Cooksey will not lie forgotten on a shelf within a couple of years – it just isn't that kind of report. As David Cooksey himself noted in his introduction, more than 300 organisations contributed to the consultation, and each of them has demonstrated a powerful motivation to improve upon the status quo. This strong ambition to make a difference and backing that comes from the very top of government will ensure that Cooksey will remain very much in the spotlight – already it's clear that Cooksey will be remembered in 20 years.
But has enough changed to enable clinical research in the UK to maintain itself and to build on its position on a worldwide basis? Based on the passion and optimism currently to be heard from people in pharma, the answer must be yes, not least because those at the coalface of clinical research in the UK regularly report that they are meeting a new, very positive approach from the state-assisted sector to working with the pharma industry.
AstraZeneca's McMahon is clearly a figure who combines both passion and optimism in large quantities. A big difference could be made as a consequence of all of this. None of us are fooling ourselves that it's just about writing a document and sending it out to everyone. Its' about collaboration, its about partnership, and its about understanding that things often won't work in the first instance and finding ways to make it work better.

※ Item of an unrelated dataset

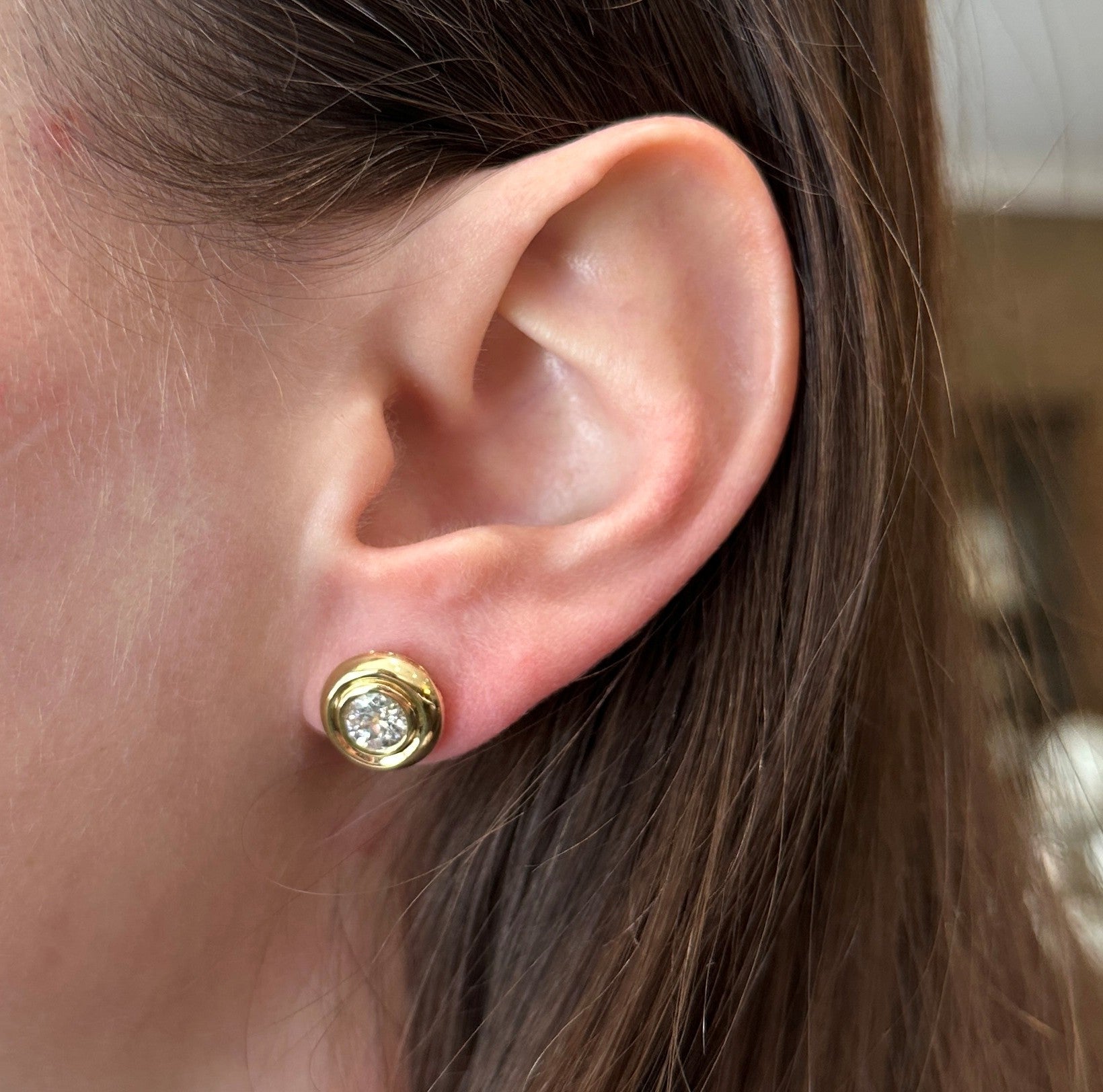 18K yellow gold and diamond earrings. Crafted in rich 18K yellow gold, these diamond stud earrings dazzle with Old European cut diamonds, each framed in a substantial gold bezel that enhances their presence and gives the studs a larger, more impactful look. Striking yet refined, these are the perfect everyday statement studs—classic with a confident twist.

"If any of us – pharma, the charities, UKCRN, the NHS or the academics – were to pull out, it wouldn't work, but if that happens, none of us will succeed. It's not easy, and it's not without its challenges, but there's a real passion to make it work.
With his global role, Professor McClelland, takes a more international view: "The UK, perhaps more than any other country in Europe, is waking up to the strategic importance of healthcare research. There are individuals who are aware of the same thing in a number of European countries, but they're not being heard."
So, it seems that the UK has some huge potential advantages, including a new Prime Minister who has already heard and understood the message and, importantly, acted upon it.